Data section:
#####

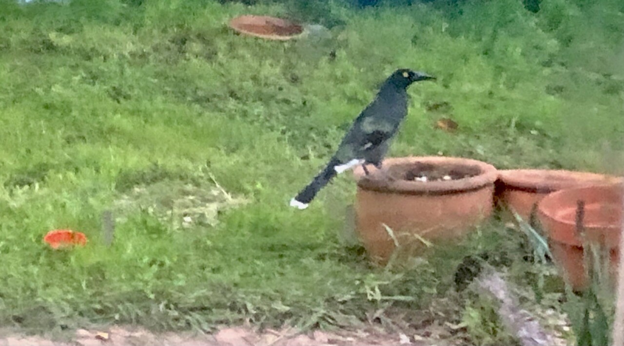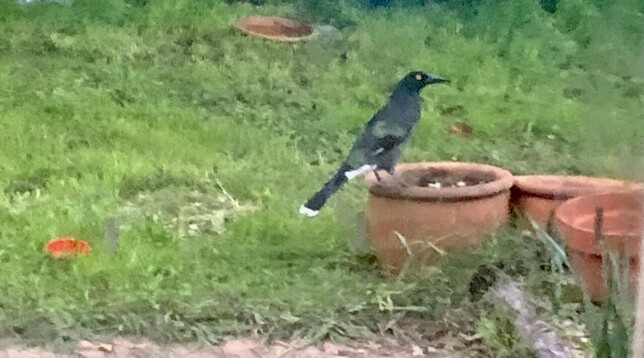 A juvenile Currawong who lives in the front, who occasionally jumps in the front bath, makes a surprise visit in the yard. No magpies around, so Lofty is safe, for now.
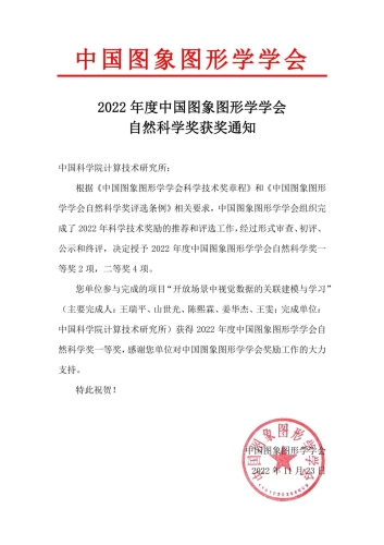 11月23日,2022年度中国图象图形学学会科学技术奖评选结果正式公布,中国科学院计算技术研究所智能信息处理重点实验室完成的项目“开放场景中视觉数据的关联建模与学习”(主要完成人:王瑞平、山世光、陈熙霖、姜华杰、王雯)荣获自然科学奖一等奖,在此热烈祝贺项目团队!
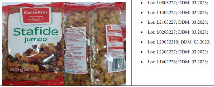 CARREFOUR ROMANIA SA, alături de Autoritatea Națională Sanitar-Veterinară și pentru Siguranța Alimentelor a inițiat retragerea de la comercializare și rechemarea de la clienți (inclusiv în municipiul Satu Mare) a produsului cu datele de identificare de mai jos, ca urmare a depășirii valorilor admise de reziduuri pesticide (Chlorpirifos):

#####

How to complete this task: Print each line of the listing, starting at its first and ending with the line that holds "11月23日,2022年度中", but skip any pictures.

Task response:
 A juvenile Currawong who lives in the front, who occasionally jumps in the front bath, makes a surprise visit in the yard. No magpies around, so Lofty is safe, for now.
 11月23日,2022年度中国图象图形学学会科学技术奖评选结果正式公布,中国科学院计算技术研究所智能信息处理重点实验室完成的项目“开放场景中视觉数据的关联建模与学习”(主要完成人:王瑞平、山世光、陈熙霖、姜华杰、王雯)荣获自然科学奖一等奖,在此热烈祝贺项目团队!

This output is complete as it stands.